In the conclusion to Synchronicity Jung provides several pieces of evidence of Consciousness existing independent of the brain, though not necessarily the Physical Unit

We must completely give up the idea of the psyche’s being somehow connected with the brain, and remember instead the “meaningful” or “intelligent” behaviour of the lower organisms, which are without a brain....either there are physical processes which cause psychic happenings, or there is a pre-existent psyche which organizes matter. In the first case it is hard to see how chemical processes can ever produce psychic processes, and in the second case one wonders how an immaterial psyche could ever set matter in motion.[1]

Later on he wonders...

...whether there is some other nervous substrate in us, apart from the cerebrum, that can think and perceive, or whether the psychic processes that go on in us during loss of consciousness are synchronistic phenomena, i.e., events which have no causal connection with organic processes.[2]

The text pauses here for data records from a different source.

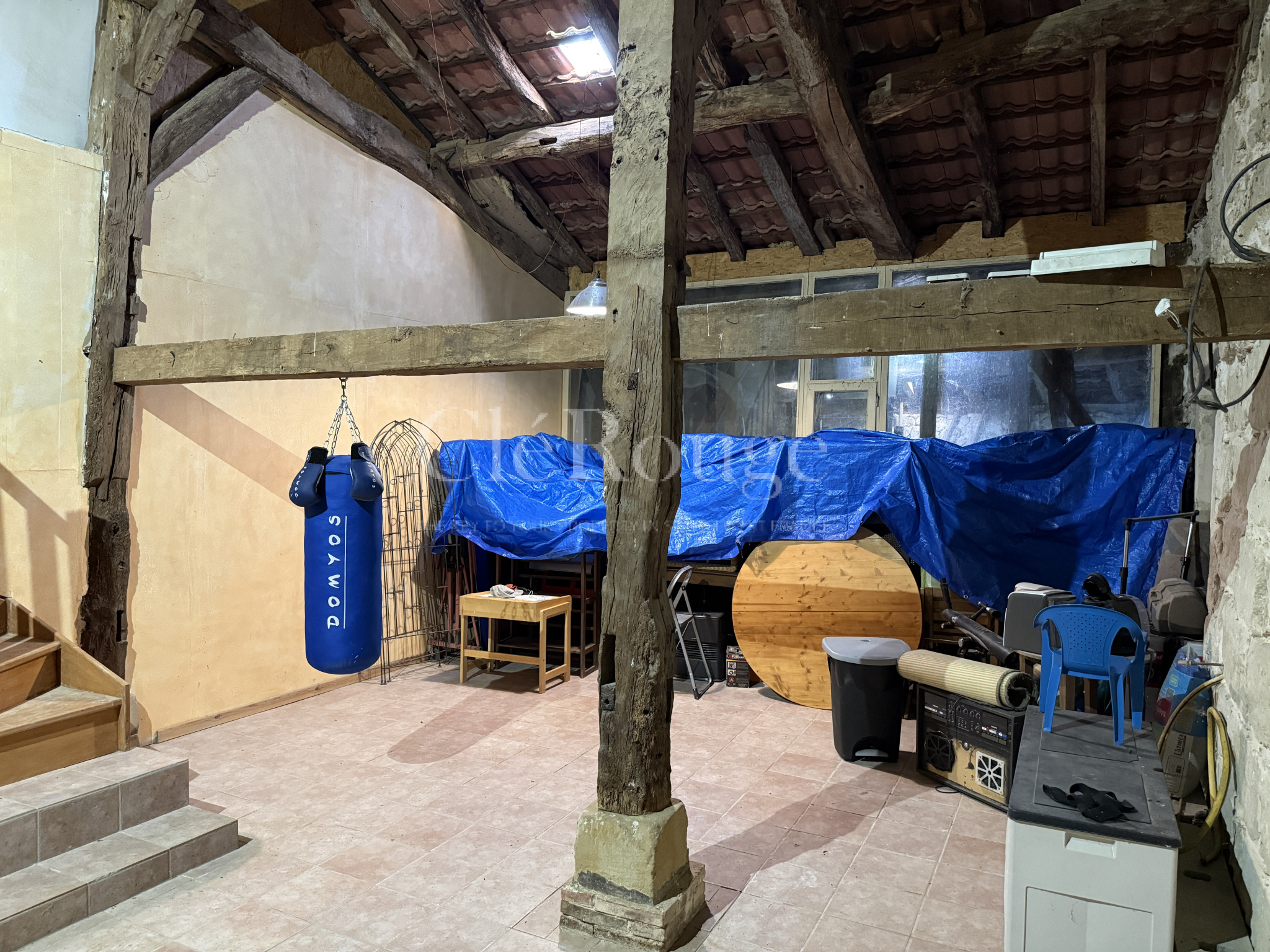 À l’étage, une partie à rénover composée de trois pièces laisse entrevoir un potentiel considérable pour créer de nouvelles chambres, un dressing, une salle d’eau ou un espace professionnel. Deux grandes granges attenantes, toujours sous le même toit, complètent l’ensemble et conviendront parfaitement pour du stockage, un atelier ou toute activité manuelle. Enfin, à l’extérieur, la piscine apporte une touche de détente et de confort appréciable dès les beaux jours.
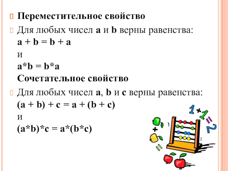 Переместительное свойствоДля любых чисел a и b верны равенства:  a + b = b + a
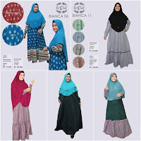 Koleksi terbaru Gamis Set Syar'i Laveil BIANCA 06, 11, 12, 13, 14 untuk anda yang ingin tampil syari dengan design simple gamis motif dengan dipadu kerudung polos cantik. Gamis dengan bawahan lebar berbahan maxmara berkualitas
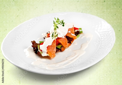 buffet, salmon, smoked salmon, canape, food, toast, epicure, seafood, dill, bread, snack, cream cheese
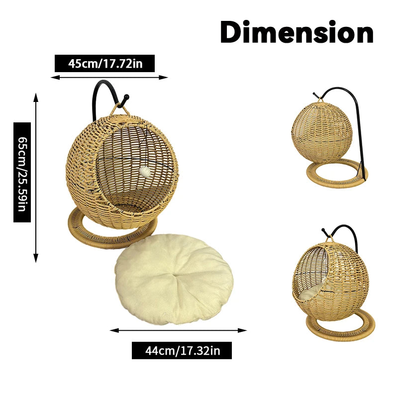 YXT Rattan Cat Bed, Hand-Woven ,Comfy Cat Nest Basket, Hanging Basket Swinging Pet House
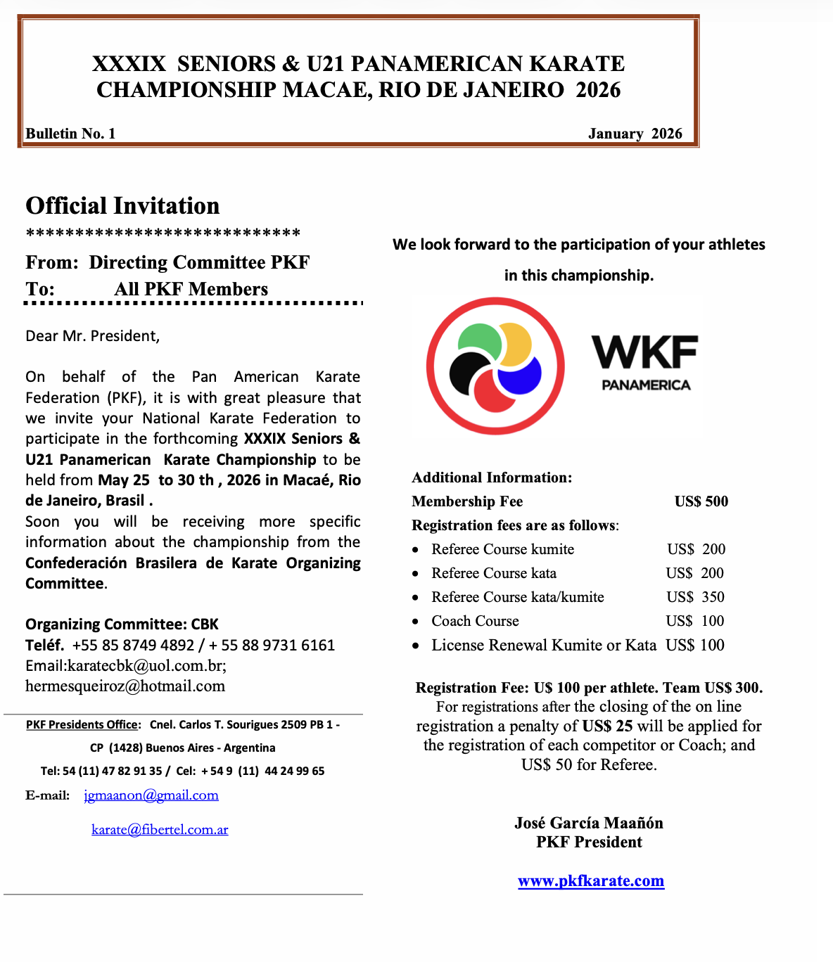 Documento here: PKF Invitation XXXIX Senior - Under 21 Pan American Karate Championship Macaé, Rio de Janeiro 2026.pdf (317700)

This comment is interesting in the context of growing scientific awareness that there are neurons throughout the body, and his example of the "ganglionic system" of Bees, but he also says that we shouldn't "reject out of hand" the notion that psychic phenomenon that have no causal connection with organic phenomenon".[3]

I don't think Jung gets anywhere near an equivalent to The Fabric of Consciousness here. The closest he gets is referring to a "a pattern that exists from all eternity, repeats itself sporadically, and is not derivable from any known antecedents."[4]

What is this "pattern" that Jung is referring to I wonder....


Referencess

  1. Jung, C. G.. Synchronicity: An Acausal Connecting Principle. (From Vol. 8. of the Collected Works of C. G. Jung) (Jung Extracts) (p. 90). Princeton University Press. Kindle Edition.
  2. Jung, C. G.. Synchronicity: An Acausal Connecting Principle. (From Vol. 8. of the Collected Works of C. G. Jung) (Jung Extracts) (p. 93). Princeton University Press. Kindle Edition.
  3. Ibid.
  4. Jung, C. G.. Synchronicity: An Acausal Connecting Principle. (From Vol. 8. of the Collected Works of C. G. Jung) (Jung Extracts) (p. 102). Princeton University Press. Kindle Edition.